It brought home yet again the vast gulf that separated her life from his.
The doctor opened the door silently and waved them through. The room was large and dim. It took a moment for her eyes to adjust enough to focus on the figure lying in the bed, surrounded by blinking monitors and seemingly held captive by a web of wires and intravenous lines running to his body.
His eyes were closed, and his face was drawn, the angles of his strong bones painfully sharp. More shocking was his terrible stillness. All his charisma and power and life force had been stripped away by the poison. He looked not like a king, but like a very sick man.
Eve had to swallow a gasp as fear seared through her. The doctor had said Luis would survive, but his appearance made that hard to believe.
Grace lifted her hand to cover her mouth, tears gleaming in her eyes. Eve pushed her own distress aside and squeezed her daughter’s shoulder in reassurance before checking on Raul.
The prince’s face had lost all color. He looked as though someone had walloped him in the gut. She reached for his hand, folding her fingers around his, not caring if she was being presumptuous. He looked startled and then gripped her hand almost convulsively.
Eve could almost feel all of them sending their hearts toward the man lying motionless on the white sheets. If a person could be healed by the force of love, Luis should be rising from his bed at any moment.

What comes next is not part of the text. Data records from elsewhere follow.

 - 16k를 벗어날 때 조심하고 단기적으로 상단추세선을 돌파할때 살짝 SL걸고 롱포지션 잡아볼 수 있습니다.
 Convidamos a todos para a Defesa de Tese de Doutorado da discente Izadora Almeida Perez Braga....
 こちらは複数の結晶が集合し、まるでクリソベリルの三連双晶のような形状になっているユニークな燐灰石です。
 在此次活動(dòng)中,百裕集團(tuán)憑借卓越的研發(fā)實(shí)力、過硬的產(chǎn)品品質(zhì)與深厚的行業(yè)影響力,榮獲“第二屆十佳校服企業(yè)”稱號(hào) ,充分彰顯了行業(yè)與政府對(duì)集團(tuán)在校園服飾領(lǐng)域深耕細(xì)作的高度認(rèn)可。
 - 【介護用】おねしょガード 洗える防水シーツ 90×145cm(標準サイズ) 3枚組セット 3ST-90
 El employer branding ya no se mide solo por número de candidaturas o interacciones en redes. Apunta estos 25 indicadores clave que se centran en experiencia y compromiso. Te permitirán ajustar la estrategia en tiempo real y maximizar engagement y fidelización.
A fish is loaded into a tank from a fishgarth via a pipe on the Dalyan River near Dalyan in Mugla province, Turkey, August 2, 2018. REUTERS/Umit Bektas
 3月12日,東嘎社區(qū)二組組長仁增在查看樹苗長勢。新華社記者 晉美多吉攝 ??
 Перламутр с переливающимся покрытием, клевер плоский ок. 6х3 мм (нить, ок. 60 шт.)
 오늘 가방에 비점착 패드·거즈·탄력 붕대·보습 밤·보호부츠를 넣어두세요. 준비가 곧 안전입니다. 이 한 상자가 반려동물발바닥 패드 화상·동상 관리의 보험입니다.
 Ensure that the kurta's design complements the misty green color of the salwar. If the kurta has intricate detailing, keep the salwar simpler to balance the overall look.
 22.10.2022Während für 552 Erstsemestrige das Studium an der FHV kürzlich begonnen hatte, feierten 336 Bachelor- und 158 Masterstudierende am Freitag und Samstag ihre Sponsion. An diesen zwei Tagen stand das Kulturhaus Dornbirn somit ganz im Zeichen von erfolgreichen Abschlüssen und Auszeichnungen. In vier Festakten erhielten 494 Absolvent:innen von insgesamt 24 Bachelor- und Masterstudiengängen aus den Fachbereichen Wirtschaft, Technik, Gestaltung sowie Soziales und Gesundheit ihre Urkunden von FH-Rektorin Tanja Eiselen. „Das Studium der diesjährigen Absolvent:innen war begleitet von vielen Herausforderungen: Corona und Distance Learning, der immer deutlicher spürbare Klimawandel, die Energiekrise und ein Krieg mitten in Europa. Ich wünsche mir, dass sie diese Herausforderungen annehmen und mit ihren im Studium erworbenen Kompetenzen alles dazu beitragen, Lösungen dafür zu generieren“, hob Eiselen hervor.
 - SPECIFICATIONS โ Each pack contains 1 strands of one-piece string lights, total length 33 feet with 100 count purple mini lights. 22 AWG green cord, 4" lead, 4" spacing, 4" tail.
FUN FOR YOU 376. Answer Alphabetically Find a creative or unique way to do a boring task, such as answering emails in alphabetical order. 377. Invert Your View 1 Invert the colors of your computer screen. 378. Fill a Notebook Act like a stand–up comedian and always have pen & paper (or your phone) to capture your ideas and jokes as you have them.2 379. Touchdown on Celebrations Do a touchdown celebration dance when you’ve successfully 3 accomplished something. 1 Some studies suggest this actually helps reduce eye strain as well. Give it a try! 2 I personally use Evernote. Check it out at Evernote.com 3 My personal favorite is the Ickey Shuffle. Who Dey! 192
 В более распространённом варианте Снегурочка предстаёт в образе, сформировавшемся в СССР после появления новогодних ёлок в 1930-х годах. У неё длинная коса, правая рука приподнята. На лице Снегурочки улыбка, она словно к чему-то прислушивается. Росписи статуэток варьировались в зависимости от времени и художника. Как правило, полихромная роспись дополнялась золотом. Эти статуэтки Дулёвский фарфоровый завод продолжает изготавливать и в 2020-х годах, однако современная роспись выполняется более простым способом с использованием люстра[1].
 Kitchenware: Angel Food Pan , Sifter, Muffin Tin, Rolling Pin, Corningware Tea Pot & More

Unfortunately, it didn’t work that way.
No one moved for several minutes as they hoped Luis would open his eyes or at least stir to demonstrate that he was alive.
Dr. Ibarra finally stepped between them and the bed, gesturing that they should leave the room.
Raul released Eve’s hand when they turned to exit. The moment the door closed behind the doctor, he said, “I wish to stay in the room with him tonight.”
“I do too,” Grace said. “I’ll sit in one of the recliners.”
Eve had noticed the two overstuffed chairs at one side of the room.
“I…” Dr. Ibarra hesitated as her gaze traveled between Raul’s and Grace’s faces.
“I want to be with him when he wakes up,” Raul said, his voice carrying a snap of command.
Dr. Ibarra gave in with a nod. “But you must not attempt to wake him. His body is in a battle to recover from the effects of the poison. He needs all the rest he can get.”
Grace turned to Eve. “Mom, you’ll stay here, too, won’t you? There’s that sofa in the waiting room.”
“Of course I’ll stay,” Eve said, although she once again felt the pang of having no official reason even to be in the waiting room in the royal wing of the hospital. But Grace would need her if Luis took a turn for the worse.
“I’ll text you when he wakes up.” Grace hugged her and headed for the door with Raul and the doctor.
Eve returned to the waiting room and sank into the closest chair. Doubling over, she gave way to a long, wrenching sob. She had expected Luis to look ill, but not so inert that he seemed lifeless. She felt like she had been kicked in the stomach. Another sob twisted itself from her throat.
Mikel had said that the doctors refused to make a commitment about Luis’s full recovery. After seeing Luis, Eve discounted Dr. Ibarra’s reassurances to Raul that his father would be fine. She feared that the doctor had just been offering comfort to a worried son.
She hoped like hell that Mikel was hot on the trail of whoever had done this. The poisoner deserved to rot in CárcelMax along with Odette Fontaine.
“Señora, may I get you anything?”
Eve straightened to find Jacobo kneeling beside her, offering a box of tissues. The gesture reminded her of Luis’s handkerchief, and a fresh wave of tears coursed down her cheeks. “Thank you,” she said, accepting the tissues. “I…”
There was nothing he could get her that would cure this anguish.
“I can show you to a bedroom where you can rest. It will be more comfortable.”
She felt like she shouldn’t have the luxury of a bed when Grace and Raul were keeping vigil in chairs. Big, comfortable chairs, but still not beds. Her rational self reasserted itself. “That would be great.”
The receptionist led her to a carpeted hallway that looked like it belonged in a hotel. Opening one of several doors, he gestured her into a small but plush bedroom. “The bathroom is equipped with toiletries,” he said. “You’ll find the Wi-Fi password on the credenza. Buenas noches.”
He closed the door with a soft click, and Eve went to the bed to touch the soft cream-colored blanket folded at its foot. The coat of arms of Caleva was embroidered in teal green in one corner. She rubbed her fingers against the fabric, guessing by the texture that it was cashmere.
She didn’t belong here. In this room. In this wing. Anywhere near Luis. It didn’t matter how much she loved him, he was the king. She was not a queen.